In Massachusetts, [a]ll communications between a licensed psychologist and the individuals with whom the psychologist engages in the practice of psychology are confidential.” Commonwealth v. Chesko, 486 Mass. 314, 323 (2020) (quoting M.G.L. c. 112, § 129A, and citing M.G.L. c. 233, § 20B). With respect to “any court proceeding,” section 20B dictates that “a patient shall have the privilege of refusing to disclose, and of preventing a witness from disclosing, any communication, wherever made, between said patient and a psychotherapist relative to the diagnosis or treatment of the patient's mental or emotional condition.” M.G.L. c. 233, § 20B.
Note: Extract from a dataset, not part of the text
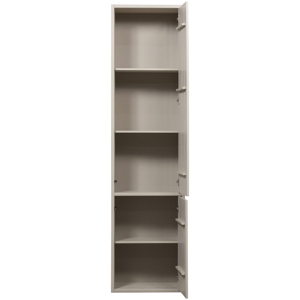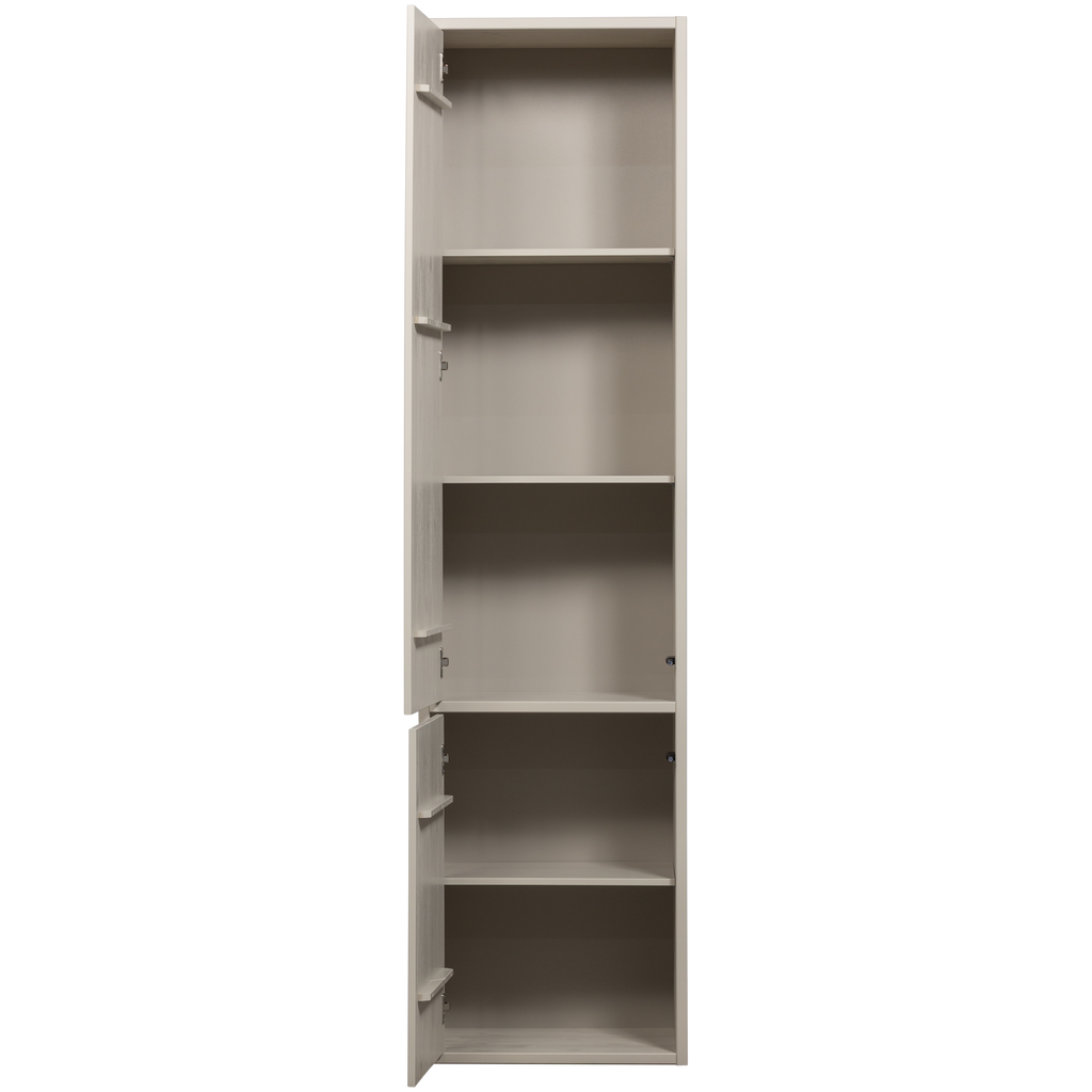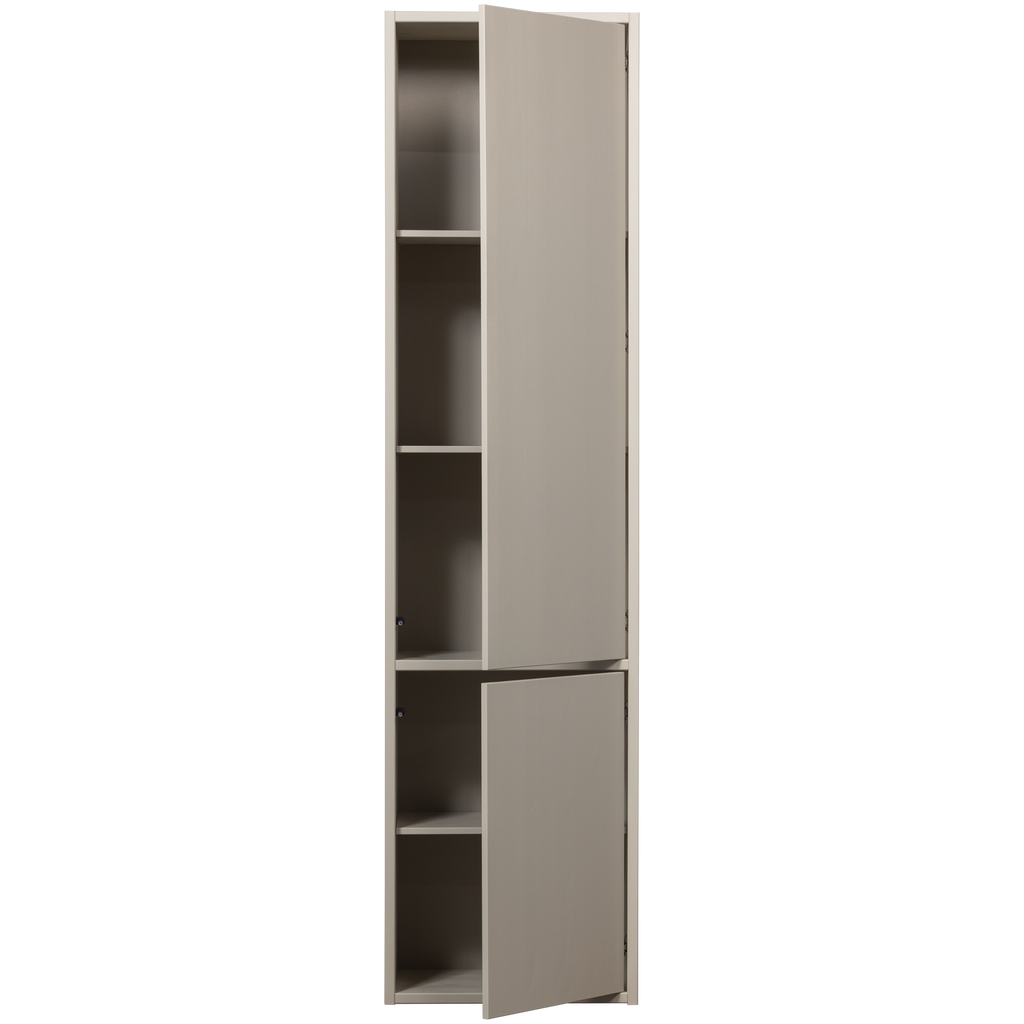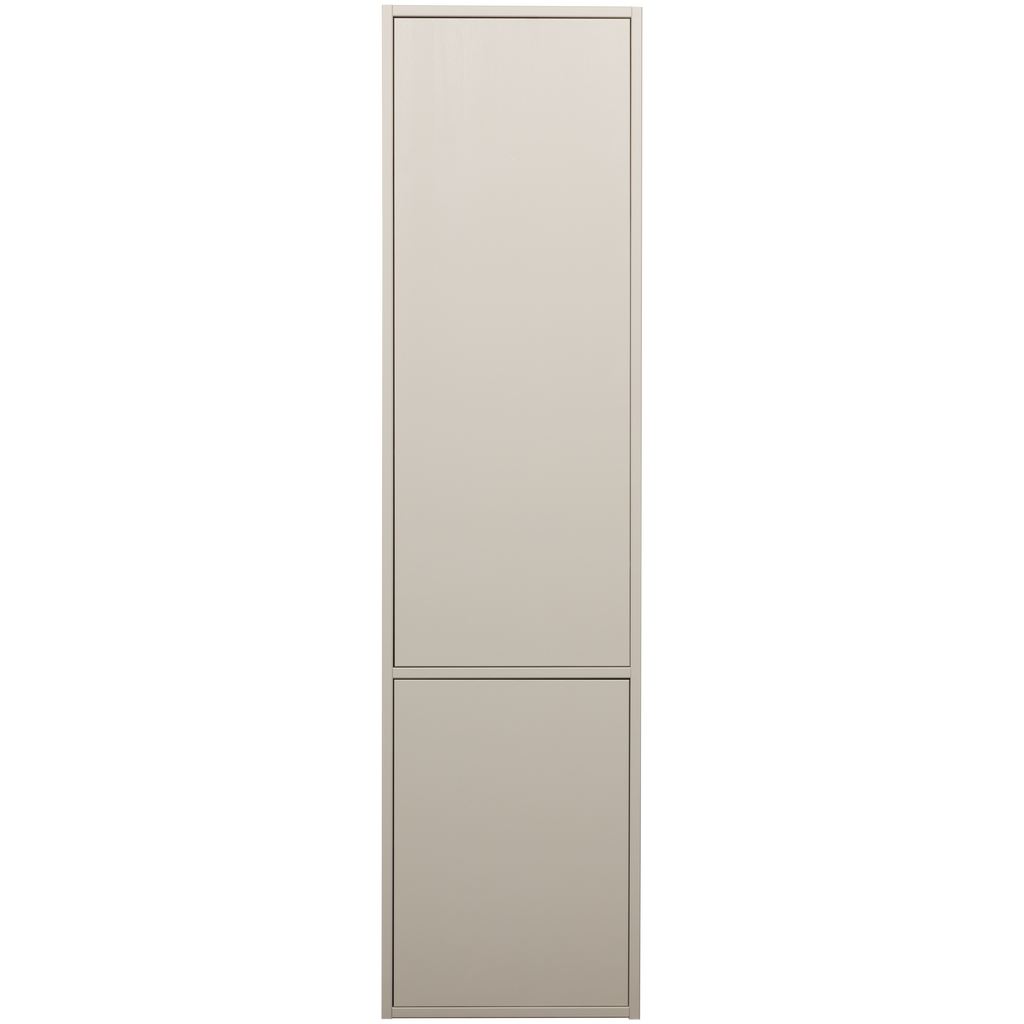 Upptäck WOOOD Meggy Smalt Förvaringsskåp, den perfekta lösningen för ditt moderna hem. Tillverkat av naturlig furu, detta skåp kombinerar funktionalitet med estetisk elegans. Med sin subtila dammfärg smälter det enkelt in i alla interiörer. De måttfulla dimensionerna på H 215 cm x B 55 cm x D 40 cm erbjuder generöst förvaringsutrymme bakom de två push-to-open dörrarna.

“The general policy of” section 20B is designed “to protect ‘the justifiable expectations of confidentiality that most individuals seeking psychotherapeutic treatment harbor.' Dep't of Soc. Servs. to Dispense with Consent to Adoption, 399 Mass. 279, 287 (1987) (citation omitted). That said, the text of section 20B does not “require the communication to be confidential.” Commonwealth v. Waweru, 480 Mass. 173, 183 (2018) (“Unlike many other States that require the communication to be confidential . . ., the Commonwealth has no such requirement in the text of [section 20B]). As a testimonial privilege, section 20B is “strictly construed.” Walden Behav. Care v. K.I., 471 Mass. 150, 154 (2015) (citations omitted); Matter of M.S., 99 Mass.App.Ct. 247, 254 (2021) (citation omitted). The statute is also limited to “protect[ing] communications.” Matter of M.S., 99 Mass.App.Ct. at 254; see In re Adoption of Saul, 60 Mass.App.Ct. 546, 551 (2004).
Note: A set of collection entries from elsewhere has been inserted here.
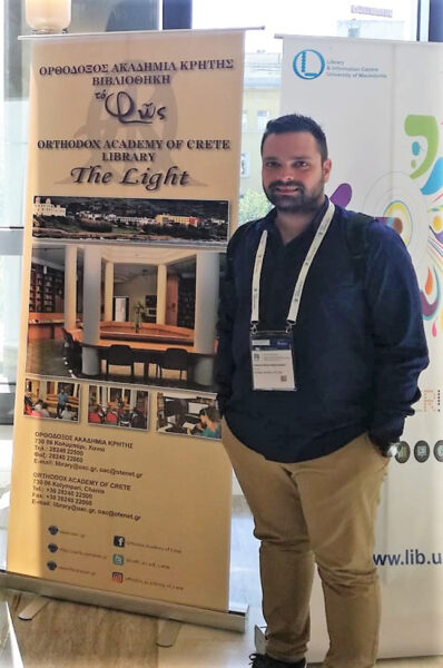 Τη Βιβλιοθήκη της Ορθοδόξου Ακαδημίας Κρήτης, «Το Φως», εκπροσώπησε –με την ευγενική χορηγία του Ιδρύματος Ωνάση / Onassis Foundation– ο Βιβλιοθηκονόμος του Ιδρύματος κ. Ιωάννης Μουντογιαννάκης, ο οποίος είχε κύκλο συναντήσεων με επίσημους φορείς του χώρου, όπως τον κ. Φίλιππο Τσιμπόγλου, Διευθυντή της Εθνικής Βιβλιοθήκης, την κ. Ανθή Κατσιρίκου, Μέλους ΕΕΒΕΠ και Προϊσταμένης της Βιβλιοθήκης του Πανεπιστημίου Πειραιώς, τον κ. Πάνο Κωνσταντόπουλο, Καθηγητή του Οικονομικού Πανεπιστημίου Αθηνών και Μέλους του Ερευνητικού Κέντρου Καινοτομίας στις Τεχνολογίες της Πληροφορίας των Επικοινωνιών και της Γνώσης, την κ. Βιβή Χουδαλάκη, Διευθύντρια της Δημοτικής Βιβλιοθήκης Χανίων κ.ά.
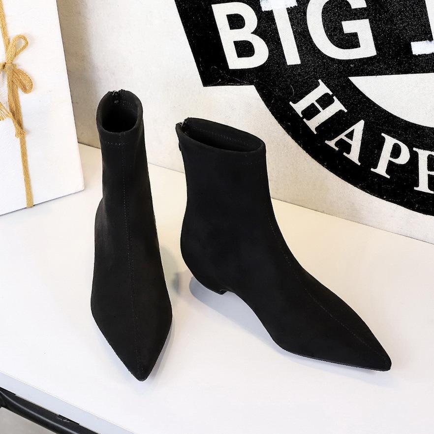Nuovi Stivaletti alla Caviglia 2026 con Punta Affusolata in Finta Pelle Scamosciata, Colore Nude, con Cerniera, Tinta Unita
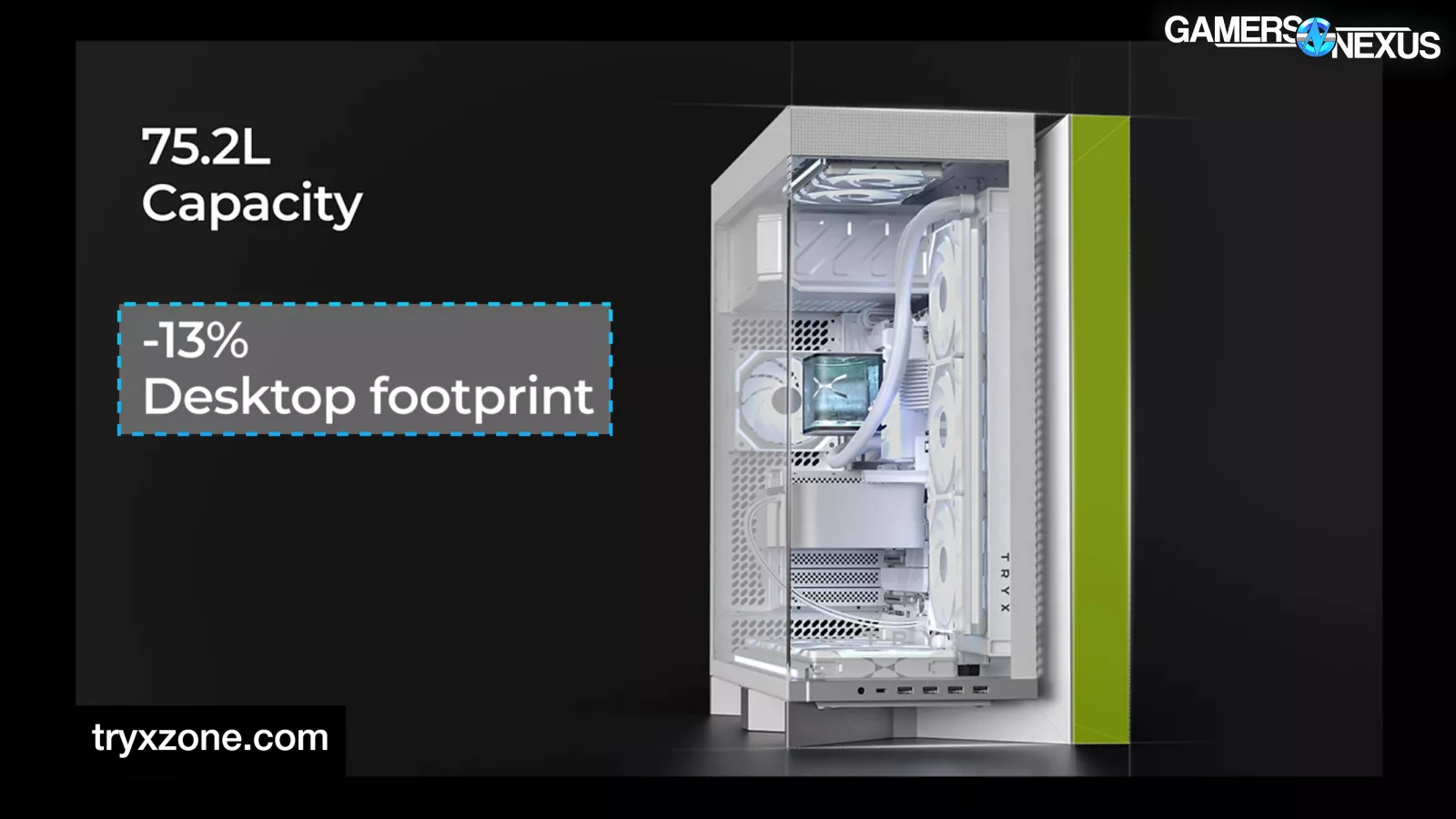 Tryx also makes the claim that the case is “-13% smaller desktop footprint.” Now, you might ask, “13% smaller than what?” After asking, we learned that this is apparently in comparison to dual-chamber cases. Now, again, the natural inclination is to ask about which one. It’s made-up. No one knows.
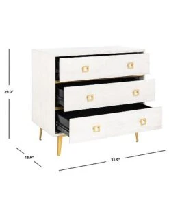 - A masterful melange of styles, this Katia Chest upgrades any room with fresh contemporary flair. Finely crafted to highlight the softly flowing wood grain and whitewash finish, Katia’s three spacious drawers make for easy organization. Gold splayed legs and matching square pulls add a retro chic touch.
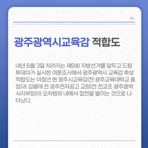 [2026지방선거 드림투데이 여론조사] 광주광역시교육감 적합도

Under the privilege, a patient, such as the plaintiff, has “the right to refuse to disclose, and to prevent another witness from disclosing, any communication between the patient and psychotherapist relative to diagnosis or treatment of a patient's mental condition.” Dep't of Soc. Servs. to Dispense with Consent to Adoption, 399 Mass. at 287 (emphasis added); accord Walden Behav. Care v. K.I., 471 Mass. 150, 153 (2015) (privilege in section 20B “exclude[s] from court proceedings . . . statements made by a patient to a psychotherapist relative to the diagnosis or treatment of the patient's mental or emotional condition”); M.G.L. c. 233, § 20B. The treatment records from the plaintiff's two psychotherapists therefore qualify for the privilege “if they contain the communications or notes of communications between the patient and a psychotherapist.” Dep't of Soc. Servs., 399 Mass. at 287 (emphasis added); see also Conklin, 146 F.Supp.3d at 434 n.2; Donovan v. Prussman, No. CIV. A. 99-175D, 2000 WL 1257463, at *2 (Mass. Super. Aug. 28, 2000) (determining that plaintiff's therapist was “psychotherapist” and records were “communications . . . ‘relative to diagnosis or treatment of' plaintiff's ‘mental or emotional condition' within meaning of section 20B, thus entitling plaintiff to “qualified privilege to refuse” disclosure under section 20B).